The cases that resonate with him, however, are the ones that have the most social impact, he said. One in particular was a 1998 wrongful-death case against the State of California and Granite Construction involving a 33-year-old off-duty sheriff’s deputy who was killed in a highway motorcycle accident while riding through a roadway construction zone on his way to work. The defense blamed the accident on the victim’s inattentiveness and offered as much as $2 million to settle. Representing the wife of the deceased – the couple had two young children – Dreyer claimed the construction zone was set up improperly. The jury awarded the plaintiff $6.5 million, the largest wrongful-death verdict in Sacramento at the time.

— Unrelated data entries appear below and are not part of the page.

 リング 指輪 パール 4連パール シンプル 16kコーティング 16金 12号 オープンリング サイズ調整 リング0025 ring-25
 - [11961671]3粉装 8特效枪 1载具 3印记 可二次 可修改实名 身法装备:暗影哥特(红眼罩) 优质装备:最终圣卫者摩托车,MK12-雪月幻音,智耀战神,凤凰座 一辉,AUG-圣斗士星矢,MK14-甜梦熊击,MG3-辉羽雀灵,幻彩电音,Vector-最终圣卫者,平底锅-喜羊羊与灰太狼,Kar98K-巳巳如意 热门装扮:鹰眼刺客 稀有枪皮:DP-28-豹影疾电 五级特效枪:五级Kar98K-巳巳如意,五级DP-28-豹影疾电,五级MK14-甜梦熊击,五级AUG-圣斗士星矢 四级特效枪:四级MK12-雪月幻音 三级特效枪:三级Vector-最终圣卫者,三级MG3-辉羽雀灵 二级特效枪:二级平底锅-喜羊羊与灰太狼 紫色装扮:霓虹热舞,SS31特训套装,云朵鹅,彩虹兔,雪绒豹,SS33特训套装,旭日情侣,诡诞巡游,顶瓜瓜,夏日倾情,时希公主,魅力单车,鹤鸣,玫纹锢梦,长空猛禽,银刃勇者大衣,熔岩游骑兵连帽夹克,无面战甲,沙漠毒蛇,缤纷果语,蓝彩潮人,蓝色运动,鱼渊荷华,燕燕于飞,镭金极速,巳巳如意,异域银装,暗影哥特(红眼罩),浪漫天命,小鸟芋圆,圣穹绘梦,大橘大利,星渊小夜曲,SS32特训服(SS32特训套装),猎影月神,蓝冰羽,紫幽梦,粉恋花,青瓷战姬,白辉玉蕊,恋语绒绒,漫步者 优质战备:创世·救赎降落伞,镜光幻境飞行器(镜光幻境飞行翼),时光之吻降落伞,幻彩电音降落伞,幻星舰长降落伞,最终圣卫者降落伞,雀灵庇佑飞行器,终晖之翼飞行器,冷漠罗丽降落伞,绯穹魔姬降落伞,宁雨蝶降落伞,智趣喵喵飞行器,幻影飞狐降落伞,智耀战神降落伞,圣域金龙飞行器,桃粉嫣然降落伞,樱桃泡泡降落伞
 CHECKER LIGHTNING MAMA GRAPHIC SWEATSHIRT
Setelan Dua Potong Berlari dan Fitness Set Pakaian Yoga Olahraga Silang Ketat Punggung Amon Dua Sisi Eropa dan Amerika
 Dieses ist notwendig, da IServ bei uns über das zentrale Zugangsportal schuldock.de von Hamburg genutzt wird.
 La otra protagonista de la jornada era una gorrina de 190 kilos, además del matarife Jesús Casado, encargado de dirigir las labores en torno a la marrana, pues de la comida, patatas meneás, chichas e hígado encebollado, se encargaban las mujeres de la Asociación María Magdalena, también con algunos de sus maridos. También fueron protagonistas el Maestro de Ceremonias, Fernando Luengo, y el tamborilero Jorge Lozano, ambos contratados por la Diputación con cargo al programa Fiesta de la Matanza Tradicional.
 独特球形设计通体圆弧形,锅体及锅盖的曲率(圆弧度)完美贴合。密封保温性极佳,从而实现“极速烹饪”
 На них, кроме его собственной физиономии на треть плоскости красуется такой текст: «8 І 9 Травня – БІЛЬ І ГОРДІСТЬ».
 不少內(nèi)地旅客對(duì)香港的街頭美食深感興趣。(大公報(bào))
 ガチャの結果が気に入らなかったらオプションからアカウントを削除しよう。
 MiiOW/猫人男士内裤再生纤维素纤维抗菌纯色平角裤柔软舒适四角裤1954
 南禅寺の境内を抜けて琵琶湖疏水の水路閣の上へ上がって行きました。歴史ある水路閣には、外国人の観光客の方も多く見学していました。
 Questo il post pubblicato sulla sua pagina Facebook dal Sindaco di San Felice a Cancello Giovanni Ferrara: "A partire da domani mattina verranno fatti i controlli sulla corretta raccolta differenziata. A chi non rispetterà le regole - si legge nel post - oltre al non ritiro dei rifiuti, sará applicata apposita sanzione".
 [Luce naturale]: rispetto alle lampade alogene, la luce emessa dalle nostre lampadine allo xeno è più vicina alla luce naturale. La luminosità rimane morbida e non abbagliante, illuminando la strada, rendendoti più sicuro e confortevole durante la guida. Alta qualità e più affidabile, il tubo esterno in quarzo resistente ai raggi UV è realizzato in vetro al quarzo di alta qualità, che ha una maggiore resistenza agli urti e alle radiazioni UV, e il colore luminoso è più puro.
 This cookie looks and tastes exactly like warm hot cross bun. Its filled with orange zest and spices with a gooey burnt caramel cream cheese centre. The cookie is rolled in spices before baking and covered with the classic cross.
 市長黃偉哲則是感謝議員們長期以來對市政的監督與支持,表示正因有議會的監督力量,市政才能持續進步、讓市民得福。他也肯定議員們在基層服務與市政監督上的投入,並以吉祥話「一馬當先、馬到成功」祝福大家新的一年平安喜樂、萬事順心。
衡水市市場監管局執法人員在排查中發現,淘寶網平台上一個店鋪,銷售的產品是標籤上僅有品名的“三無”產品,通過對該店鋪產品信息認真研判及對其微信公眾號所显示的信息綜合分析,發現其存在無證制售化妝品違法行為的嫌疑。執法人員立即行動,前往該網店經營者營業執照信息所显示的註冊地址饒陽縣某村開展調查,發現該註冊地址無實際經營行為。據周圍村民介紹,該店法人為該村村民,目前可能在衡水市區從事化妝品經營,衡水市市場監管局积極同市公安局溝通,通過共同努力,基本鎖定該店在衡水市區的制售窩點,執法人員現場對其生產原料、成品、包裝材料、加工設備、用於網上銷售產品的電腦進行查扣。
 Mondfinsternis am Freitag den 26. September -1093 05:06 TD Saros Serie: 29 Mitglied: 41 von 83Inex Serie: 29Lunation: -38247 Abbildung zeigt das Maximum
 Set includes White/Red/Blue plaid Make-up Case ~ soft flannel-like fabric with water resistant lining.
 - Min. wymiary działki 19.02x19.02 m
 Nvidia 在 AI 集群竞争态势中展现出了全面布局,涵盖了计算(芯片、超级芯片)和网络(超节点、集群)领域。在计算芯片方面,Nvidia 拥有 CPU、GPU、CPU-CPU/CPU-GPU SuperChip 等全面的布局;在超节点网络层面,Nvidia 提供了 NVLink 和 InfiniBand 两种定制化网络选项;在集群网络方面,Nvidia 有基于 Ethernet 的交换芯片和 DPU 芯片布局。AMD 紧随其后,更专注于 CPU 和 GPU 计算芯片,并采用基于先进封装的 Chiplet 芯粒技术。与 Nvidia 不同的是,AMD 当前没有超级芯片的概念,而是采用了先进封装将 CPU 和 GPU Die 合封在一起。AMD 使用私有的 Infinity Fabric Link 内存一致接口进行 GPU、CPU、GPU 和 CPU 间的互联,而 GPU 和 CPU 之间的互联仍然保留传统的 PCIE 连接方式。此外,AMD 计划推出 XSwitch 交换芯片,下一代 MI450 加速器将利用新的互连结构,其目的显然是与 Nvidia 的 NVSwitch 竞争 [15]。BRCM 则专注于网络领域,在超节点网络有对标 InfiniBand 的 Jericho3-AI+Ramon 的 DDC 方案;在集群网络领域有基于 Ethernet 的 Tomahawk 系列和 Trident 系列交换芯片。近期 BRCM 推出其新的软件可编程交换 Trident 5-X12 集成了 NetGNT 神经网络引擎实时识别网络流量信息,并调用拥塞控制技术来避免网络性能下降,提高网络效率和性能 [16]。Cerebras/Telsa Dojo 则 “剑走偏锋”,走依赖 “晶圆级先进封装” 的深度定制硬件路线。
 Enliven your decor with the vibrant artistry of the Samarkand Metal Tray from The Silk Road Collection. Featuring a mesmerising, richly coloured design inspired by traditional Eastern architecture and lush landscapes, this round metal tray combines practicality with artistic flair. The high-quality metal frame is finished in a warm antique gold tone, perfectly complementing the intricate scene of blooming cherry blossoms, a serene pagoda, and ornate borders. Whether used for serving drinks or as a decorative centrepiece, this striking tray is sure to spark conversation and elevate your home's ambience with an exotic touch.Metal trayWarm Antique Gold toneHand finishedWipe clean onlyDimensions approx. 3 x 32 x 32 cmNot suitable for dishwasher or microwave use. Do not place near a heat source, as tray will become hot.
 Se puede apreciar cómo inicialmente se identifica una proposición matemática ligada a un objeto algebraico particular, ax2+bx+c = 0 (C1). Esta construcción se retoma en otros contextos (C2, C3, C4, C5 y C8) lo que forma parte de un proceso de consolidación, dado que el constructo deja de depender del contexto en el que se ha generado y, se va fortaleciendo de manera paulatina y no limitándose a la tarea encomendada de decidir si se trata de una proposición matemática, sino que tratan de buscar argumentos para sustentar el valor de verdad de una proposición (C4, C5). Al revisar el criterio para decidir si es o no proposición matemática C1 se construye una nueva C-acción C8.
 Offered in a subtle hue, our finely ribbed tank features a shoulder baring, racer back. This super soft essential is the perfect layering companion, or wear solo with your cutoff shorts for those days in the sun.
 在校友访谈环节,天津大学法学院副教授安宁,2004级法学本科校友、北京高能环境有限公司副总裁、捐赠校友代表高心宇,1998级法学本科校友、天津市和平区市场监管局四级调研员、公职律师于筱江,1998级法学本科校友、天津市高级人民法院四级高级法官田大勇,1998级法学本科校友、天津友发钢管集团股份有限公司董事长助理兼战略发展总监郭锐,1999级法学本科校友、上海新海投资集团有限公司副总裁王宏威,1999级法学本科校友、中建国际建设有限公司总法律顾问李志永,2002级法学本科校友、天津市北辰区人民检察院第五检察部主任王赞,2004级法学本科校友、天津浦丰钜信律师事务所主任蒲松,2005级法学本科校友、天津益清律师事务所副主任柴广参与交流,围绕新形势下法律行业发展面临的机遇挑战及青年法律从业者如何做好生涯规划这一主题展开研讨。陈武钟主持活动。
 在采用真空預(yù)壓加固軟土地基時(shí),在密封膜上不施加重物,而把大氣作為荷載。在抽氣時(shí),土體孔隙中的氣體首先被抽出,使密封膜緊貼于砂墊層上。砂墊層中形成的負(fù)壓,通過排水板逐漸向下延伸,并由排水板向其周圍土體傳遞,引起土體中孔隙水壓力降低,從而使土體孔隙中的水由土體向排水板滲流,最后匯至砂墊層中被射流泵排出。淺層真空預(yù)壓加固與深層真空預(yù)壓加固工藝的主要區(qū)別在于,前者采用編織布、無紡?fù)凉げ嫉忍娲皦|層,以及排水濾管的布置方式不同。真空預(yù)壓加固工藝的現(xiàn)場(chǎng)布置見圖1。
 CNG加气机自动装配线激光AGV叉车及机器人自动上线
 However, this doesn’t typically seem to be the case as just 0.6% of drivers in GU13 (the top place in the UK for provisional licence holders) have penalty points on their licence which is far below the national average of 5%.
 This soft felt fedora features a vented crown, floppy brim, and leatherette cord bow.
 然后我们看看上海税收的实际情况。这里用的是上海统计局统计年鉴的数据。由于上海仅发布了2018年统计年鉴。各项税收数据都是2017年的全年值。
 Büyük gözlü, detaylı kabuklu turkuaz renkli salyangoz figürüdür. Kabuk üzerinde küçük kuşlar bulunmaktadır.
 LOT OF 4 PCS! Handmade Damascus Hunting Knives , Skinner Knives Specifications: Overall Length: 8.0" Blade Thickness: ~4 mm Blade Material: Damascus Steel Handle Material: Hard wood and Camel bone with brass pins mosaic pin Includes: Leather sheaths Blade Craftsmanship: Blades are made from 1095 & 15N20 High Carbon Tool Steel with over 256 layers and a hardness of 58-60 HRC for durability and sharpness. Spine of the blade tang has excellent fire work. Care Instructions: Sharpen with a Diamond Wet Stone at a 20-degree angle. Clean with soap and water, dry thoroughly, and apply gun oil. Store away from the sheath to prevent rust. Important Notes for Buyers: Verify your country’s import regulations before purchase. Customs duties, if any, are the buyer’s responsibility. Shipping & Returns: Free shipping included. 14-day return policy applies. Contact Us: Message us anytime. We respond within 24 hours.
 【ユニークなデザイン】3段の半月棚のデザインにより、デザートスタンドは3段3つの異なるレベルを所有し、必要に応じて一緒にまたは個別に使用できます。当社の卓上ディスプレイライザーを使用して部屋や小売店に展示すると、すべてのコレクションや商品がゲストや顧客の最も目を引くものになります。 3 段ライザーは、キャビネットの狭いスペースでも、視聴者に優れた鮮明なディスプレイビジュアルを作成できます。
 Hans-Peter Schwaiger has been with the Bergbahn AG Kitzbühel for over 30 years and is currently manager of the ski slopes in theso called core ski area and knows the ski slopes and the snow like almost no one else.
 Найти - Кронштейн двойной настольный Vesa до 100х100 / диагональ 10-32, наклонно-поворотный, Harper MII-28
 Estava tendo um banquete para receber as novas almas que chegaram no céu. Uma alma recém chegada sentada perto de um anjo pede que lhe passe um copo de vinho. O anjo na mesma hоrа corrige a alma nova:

“It was a mixed marriage – he was white and she’s black,” Dreyer offered, and that was a powerful aspect of the case because back then there was still a real bias, he said.
More important, the case resulted in change. “The Jungsten case affected the state and the construction company and how they do their roadway construction,” Dreyer said, “so that was a benefit to everybody – a real seminal case.
“That’s the impact of the plaintiffs’ practice,” he added. “The fact is we are the last line of defense a regular person has to protect them against large corporations and insurance carriers – because if we’re not there, they will get run right over.”
Putting clients first
Dreyer finds it a challenge to pull himself away from his work when there are people – clients especially – depending on him. But when he does get out of the office, he subscribes to the work-hard, play-hard maxim. He enjoys snow skiing and playing tennis, and for years he’s been a regular in pickup basketball games.
But if he treks to Lake Tahoe, where he spends a lot of time, or another destination, he takes his work with him, he said. “I guarantee every single guy or gal (in plaintiffs’ law) that is successful in their practice – they work seven days a week,” Dreyer said. “And they don’t have to financially. But they do because it’s the right thing to do for their clients.”
Dreyer, 58, said he doesn’t really have an “off” switch, which may explain why retirement is not in his future plans. He wants to maximize his time on the planet, he said, and have the biggest and most positive impact he can. “I want to make a difference, so that’s what drives me,” he said. “I can’t make a difference by being on a beach. I guess the message is that I plan on continuing to work and continuing to do what I’m capable of doing for people.”
There’s no mistaking Dreyer’s passion for his work, and he would encourage others getting started in law to follow his lead. Without the enjoyment, he said, it’s just hard work.
“We’re a nation of laws, and lawyers kind of have the keys to the kingdom,” Dreyer said. “If you find an area of the law that you want to be in, that you have a passion for, then you’ll enjoy it and
succeed.
“And success is not measured by money, it’s measured by accomplishment and making a difference,” he added. “If you’re good at it, you’re going to make money. And if you’re doing something you love, you’re going to be just fine.”